▸ **WHAT IS EXPECTED**
Make an exact copy, without pictures, of the lines below from the one containing "Pictured top: Century" to the last line, both ends included.

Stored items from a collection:
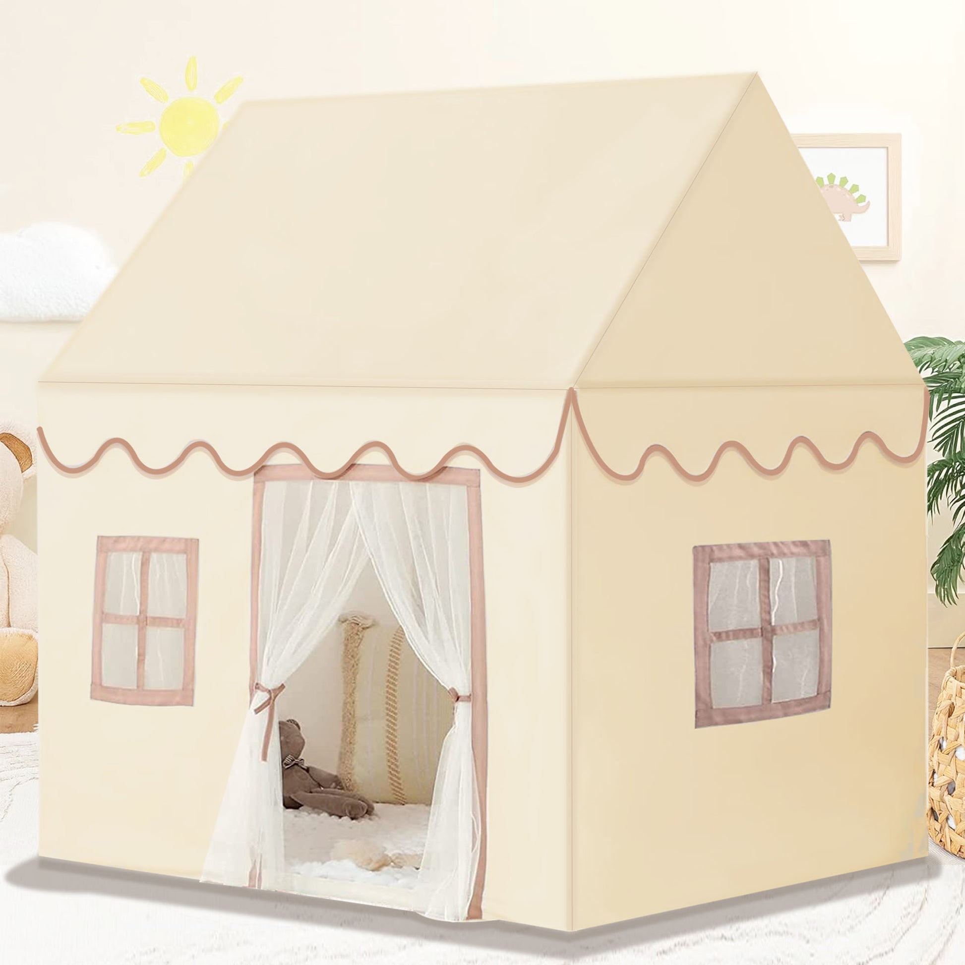 Wisairt kids tent is a play tent designed for children. It comes with a soft and fluffy mat with a waterproof bottom design. The high-quality material is durable and provides a safe play space for children. The 47x39x50 in kids play tent is designed with 2 windows and a spacious space that can accommodate multiple friends to play together, adding unlimited joy. It is easy to set up and store, and the tent can be washed and maintained easily.
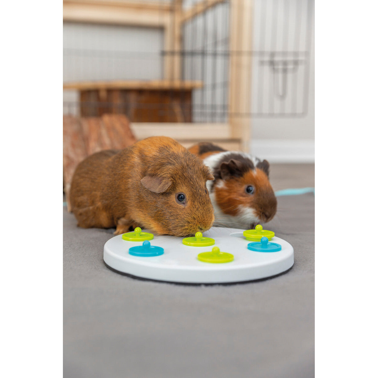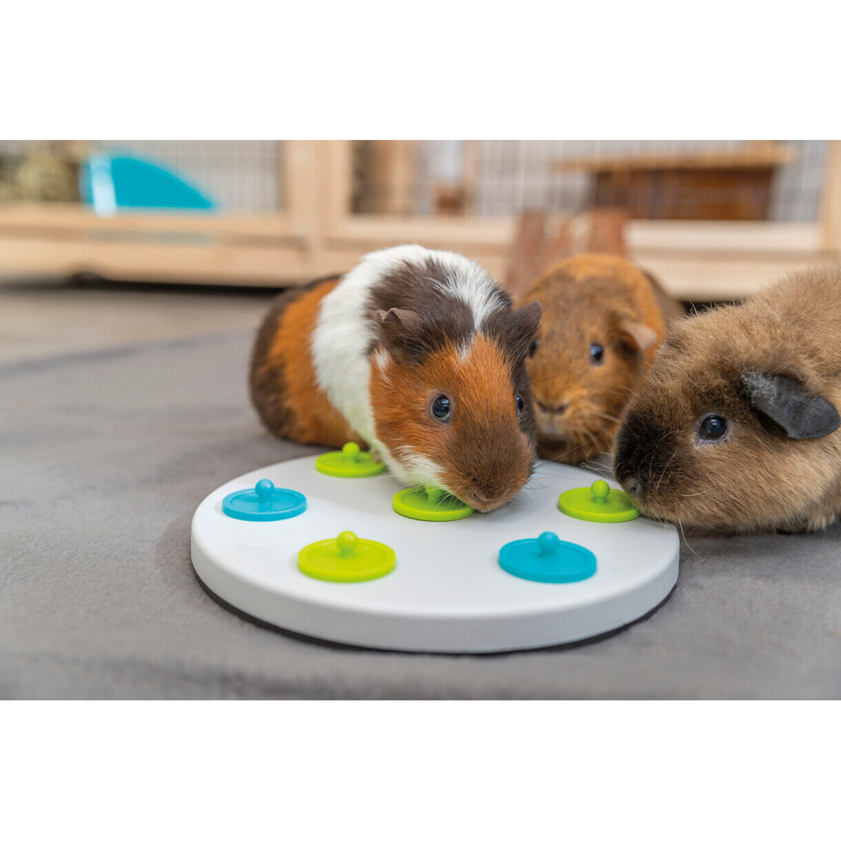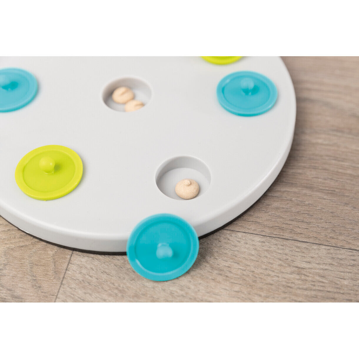 • Brett mit 7 Deckeln: das Kaninchen muss die Deckel anheben, um das Leckerli zu bekommen
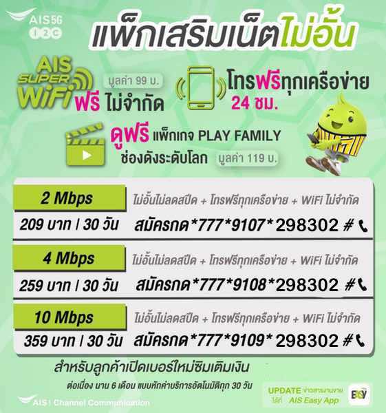 โปรเน็ต AIS รายเดือน ไม่อั้น ไม่ลดสปีด เร็ว 4 Mbps + โทรฟรีทุกเครือข่าย +WiFi ไม่จำกัด 259 บาท สมัครกด*777*9108*298302#โทรออก
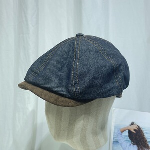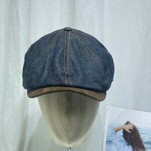 日系牛仔布前进帽子女秋冬百搭保暖鸭舌贝雷帽麂皮绒檐口报童潮帽
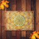 De herfstbladerbladeren van A. Mucha van de L31 Documents Décoratifs, 1902. Zij zijn voorzien van mapparaat- en kastanjebladeren in warme valkleuren met een cirkel in het midden. Het ontwerp werd bewerkt en toegepast op verschillende artikelen door Alma Wad.
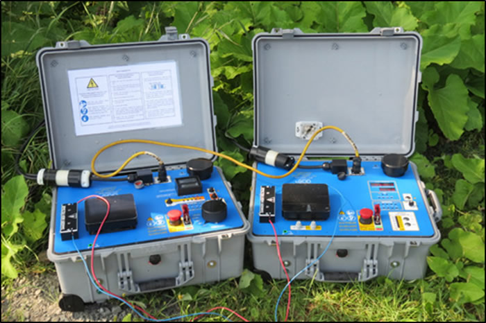Generally, “normal” conductive/resistive subsurface environments are easily surveyed given that at 2400V one is likely to adapt to most conditions. However, in extremely dry, highly resistive environments, where one will face low signal values with a noisy background, this equipment when placed in a combined configuration(the Master-Slave mode) attests its strength as it allows one to identify cryptic anomalies. When a second GDD IP Transmitter, modelTx4 is integrated in the Master-Slave mode this allow sone to utilize 10,000W-4800V-20A (Currently the highest voltage available on the market), thus, providing the ability to adapt to very resistive environments and allow one to send more energy in the ground that will result in a stronger signal, better quality data, and faster survey times.
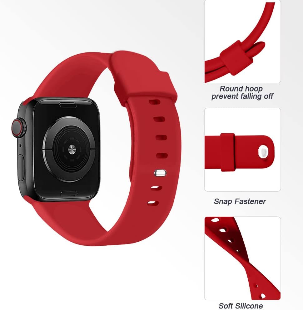 Sport Band Compatible for Apple Watch Band 45mm 44mm 42mm 41mm 40mm 38mm with Screen Protector Case, Men Women Soft Silicone Strap for iWatch Series 10 9 8 7 6 5 4 3 2 1 SE(38mm-Red)
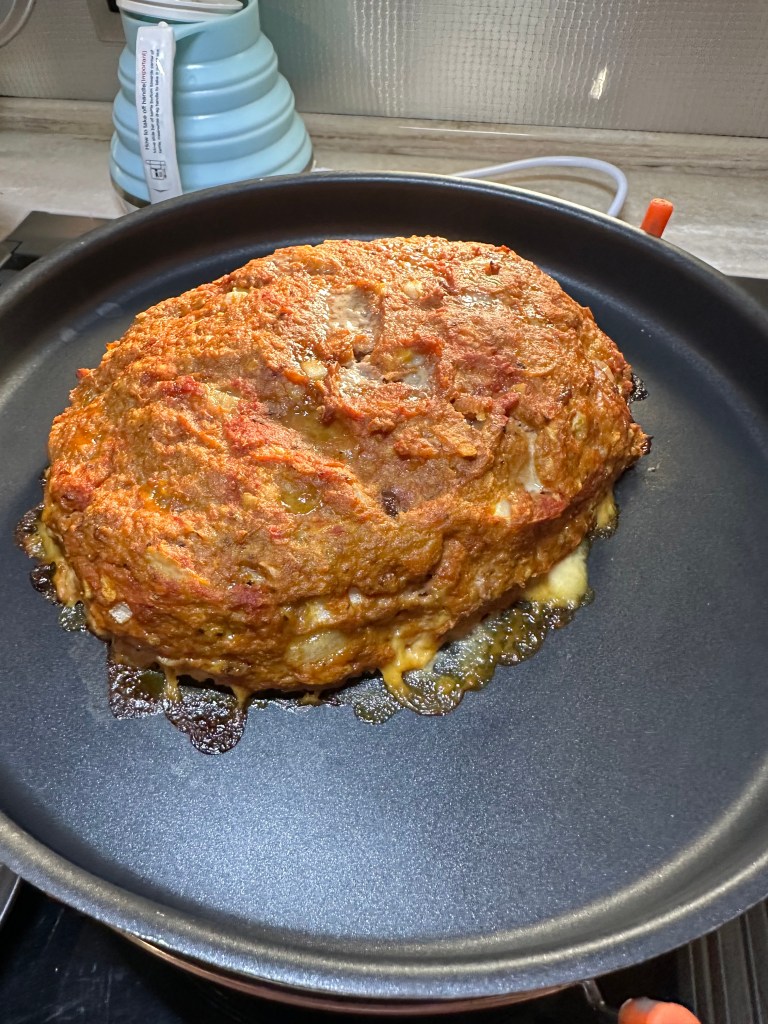 For dinner, Micki made meatloaf with turkey burger, mashed potatoes, and green beans.
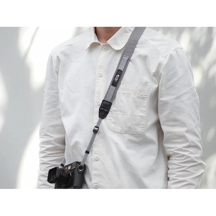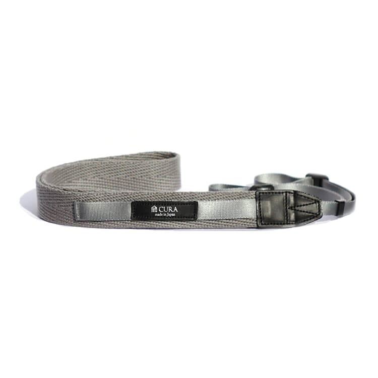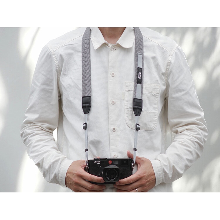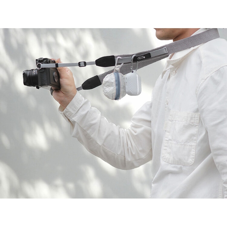 あえて左右非対称にしたデザインは蔵CURAからのカメラストラップの新しい提案です。2種のテープはスリット構造になっていて“何かに活用できる”ようになっています。
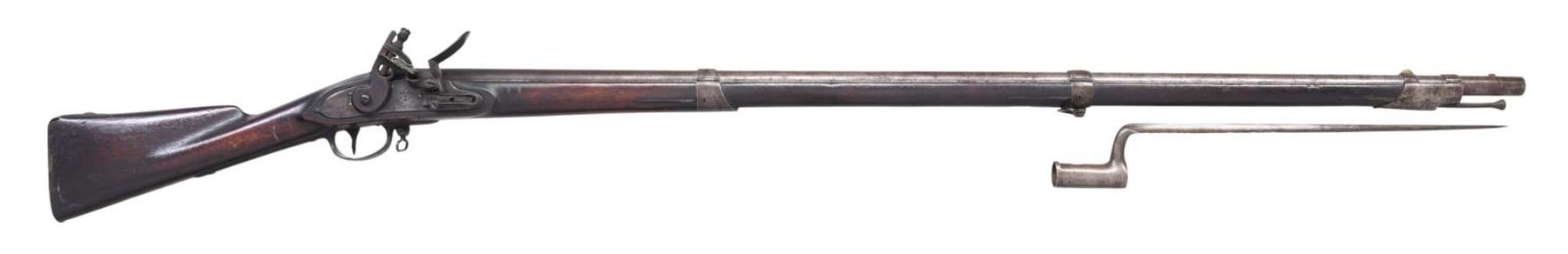 Cal. 70. S# NSN. Standard configuration: the 44-1/2" barrel is stamped "P (eagle head) V" and "US" at the rear and attaches to the stock with three spring-retained bands. Lock with chamfered plate dated "1808" on tail is fitted with chamfered cock with straight spur, inset rounded pan, frizzen with straight toe, and feather spring with spear finial. The plate is marked "US" in script over an eagle and "SPRINGFIELD" in arch. The walnut stock with fluted comb is iron-mounted. Buttplate is dated "1808." The trigger guard has a semi-pointed front finial and a rounded rear. Sling loops are screwed. Stock has a US inspector's mark on the left side, and "WC" is stamped at the rear of the trigger guard tang. UNATTACHED ACCESSORIES: musket comes with the correct-style, unmarked triangular bayonet with a 16" blade. A large dot is stamped at the base and on top. Bayonet will fit the musket with some work; it is presently too tight. CONDITION: fine. Metal parts with gray to brown patina with scattered pitting. Wood exhibits its original finish with added oil. Hand wear is evident on high edges and at normal carry points. Bore is pitted. Lock is good. Lock fits mortice tightly, and the assembly mark "c" is on most internal parts, including the screw that retains the pan. Correct type cock, a possible replacement with a newer screw. Lock markings are sharp and clear. "US" on the barrel, somewhat difficult to see. Considerable erosion is evident in the touch hole and juncture of the pan and barrel. Bayonet has a gray to brown, smooth patina overall. A very attractive musket. (01-24447/MGM). ANTIQUE. $1,500-2,250.
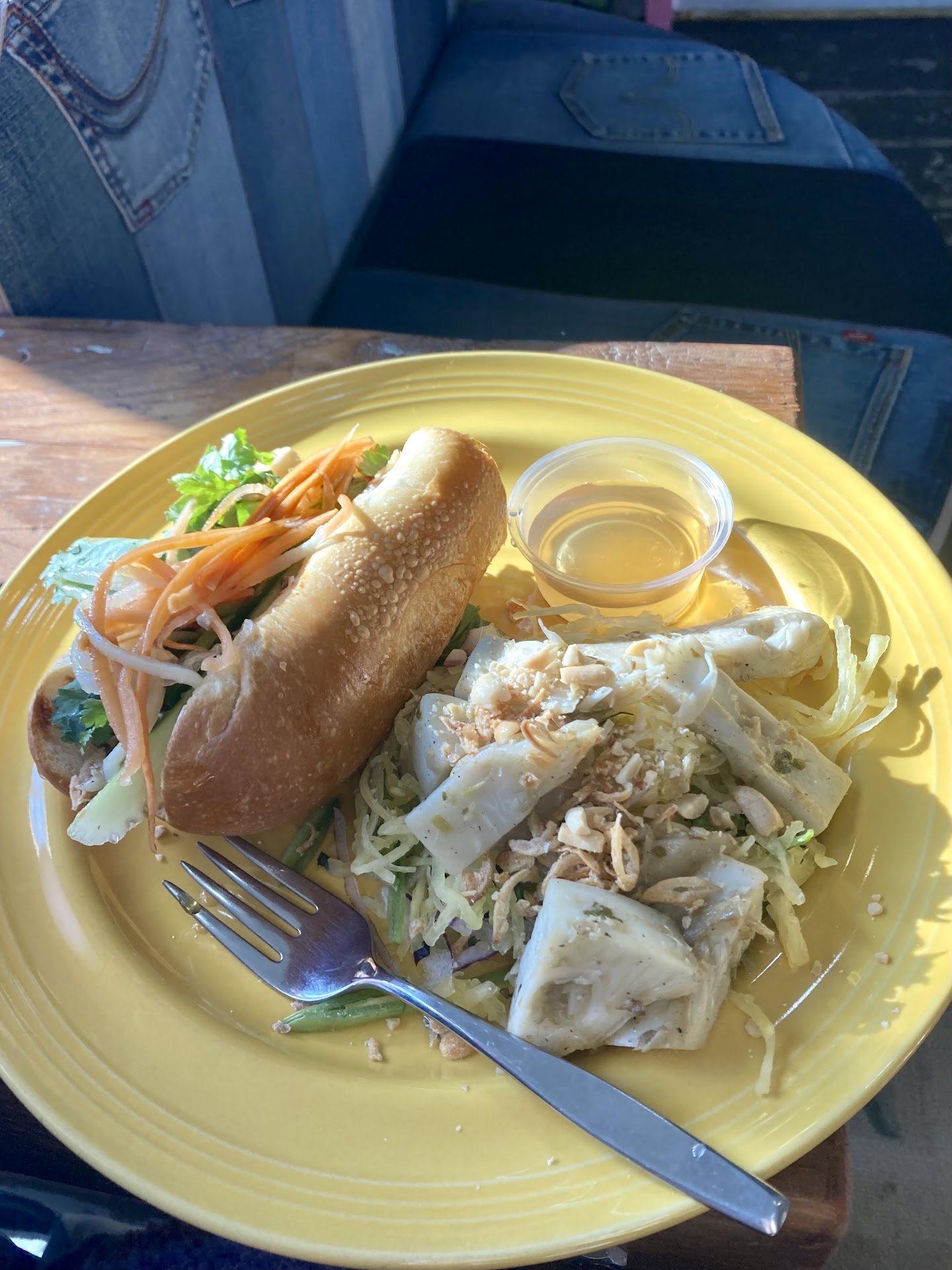 Pete alone is worth the price of admission—a friendly, warm, interesting man who puts a personal touch on the visit. And then you get to his food. Oh my god the food. Both the meat and vegan bahn mi sandwiches are excellent, but then you get to his young jackfruit salad and wow. I can't say enough about the flavors. My favorite thing on his menu, though, has to be The Pete—a coffee of Pete's own creation. Turmeric, ginger, coconut oil, orange zest, with dates for sweetness. I can't put into words how much I enjoyed this coffee other than to say that I forced myself to only drink half of it so that I could continue to savor it the next day.
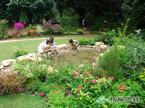 走進園內,蜿蜒的溪流和溪岸邊的景致野趣妙生,一下子撲入視野,清澈的溪水、光滑的卵石、可愛的小蝌蚪,與岸邊的銀邊菖蒲、水生鳶尾、花葉美人蕉、花葉蘆竹等水生植物一起,營造出生態、自然的河流景觀。“這條溪流,其實是我們杭州的母親河——錢塘江的縮影,通過這條溪流的營造,我們想呼吁更多的人保護生態、愛護環境,讓我們的母親河永遠干凈、清澈?!惫绾喍痰脑捳Z中,透露出的是一名園林人渴望更多人關注水生態環境的殷殷期盼。
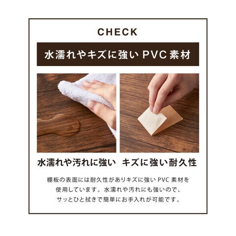 天板表面はPVC素材を使用しております。立体的でリアルな木目を再現し、水濡れやキズに強くなっています。
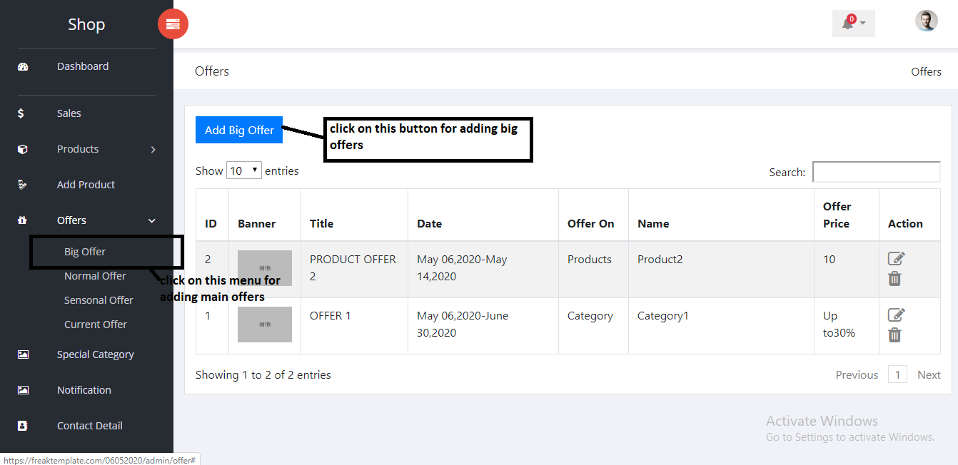 Main offers are two types Category and Product
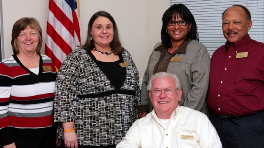 Pictured top: Century Town Council members (L-R) Jacke Johnson, Gary Riley and Sandra McMurray Jackson take the oath office Monday night. Pictured below: A council group photo with Mayor Freddie McCall (seated) and (L-R) Ann Brooks, Jacke Johnston, Sandra McMurray Jackson and Gary Riley. Not pictured: Council Member Nadine McCaw. NorthEscambia.com photos, click to enlarge.
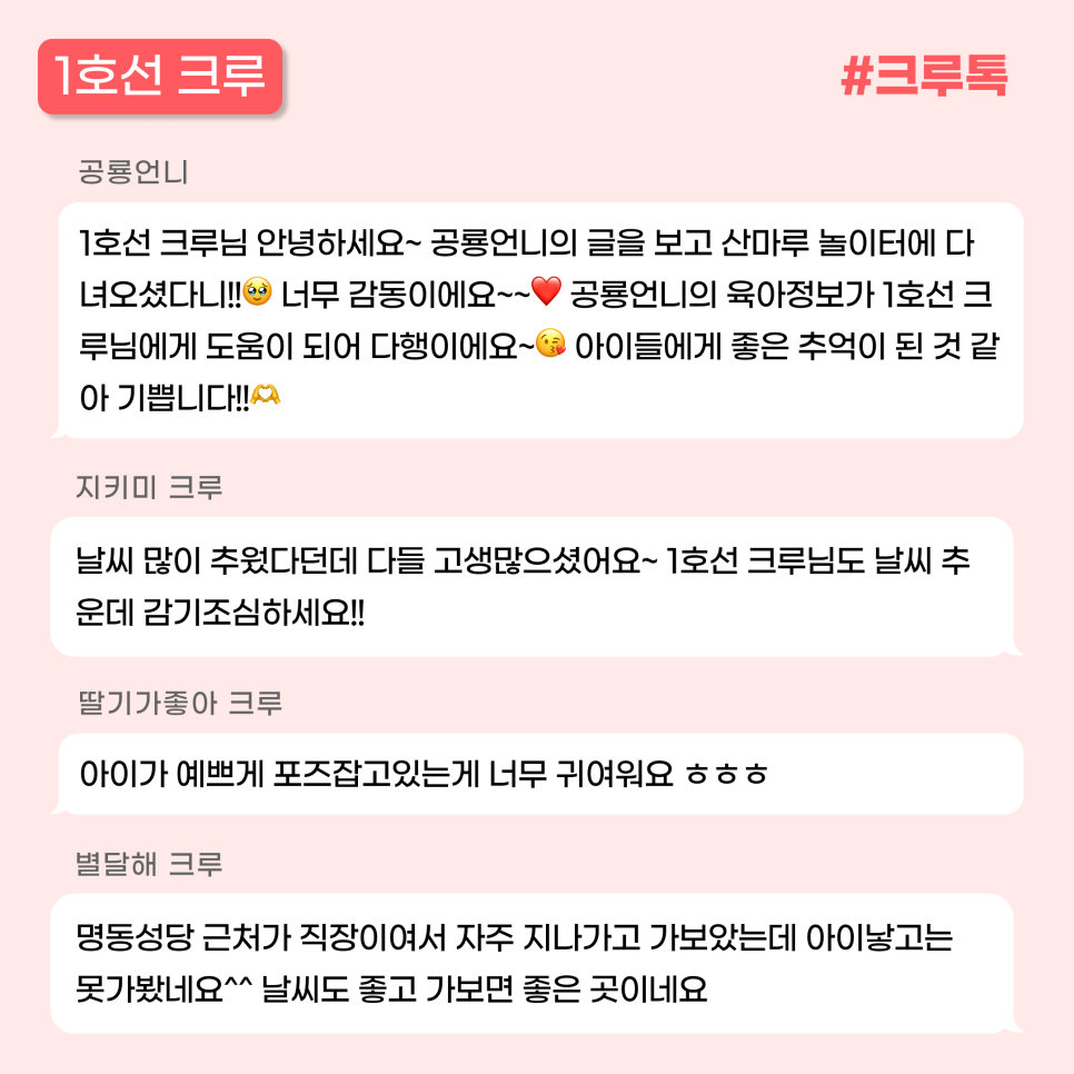 육아크루의 크루톡에는 1호선 크루님의 글처럼 아이랑 명동, 아이랑 축제 등 아이랑 가볼만한 곳은 물론 육아맘, 육아대디의 리얼 육아일상이 가득하답니다. 육아친구들과 나누고 싶은 이야기와 정보를 육아크루 크루톡에서 함께 공유해요 💖 아이랑 함께 가기 좋은 곳, 육아 궁금증, 일상 소통까지! 언제든 육아크루 크루톡을 찾아주세요 ❣️
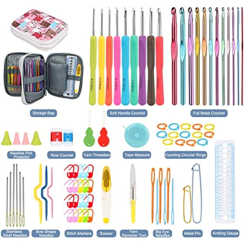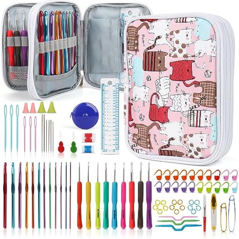 Katech - Kit de ganchos de ganchillo con estuche, juego de 85 piezas de ganchillo, ganchos

▸ **EXERCISE ANSWER**
 Pictured top: Century Town Council members (L-R) Jacke Johnson, Gary Riley and Sandra McMurray Jackson take the oath office Monday night. Pictured below: A council group photo with Mayor Freddie McCall (seated) and (L-R) Ann Brooks, Jacke Johnston, Sandra McMurray Jackson and Gary Riley. Not pictured: Council Member Nadine McCaw. NorthEscambia.com photos, click to enlarge.
 육아크루의 크루톡에는 1호선 크루님의 글처럼 아이랑 명동, 아이랑 축제 등 아이랑 가볼만한 곳은 물론 육아맘, 육아대디의 리얼 육아일상이 가득하답니다. 육아친구들과 나누고 싶은 이야기와 정보를 육아크루 크루톡에서 함께 공유해요 💖 아이랑 함께 가기 좋은 곳, 육아 궁금증, 일상 소통까지! 언제든 육아크루 크루톡을 찾아주세요 ❣️
 Katech - Kit de ganchos de ganchillo con estuche, juego de 85 piezas de ganchillo, ganchos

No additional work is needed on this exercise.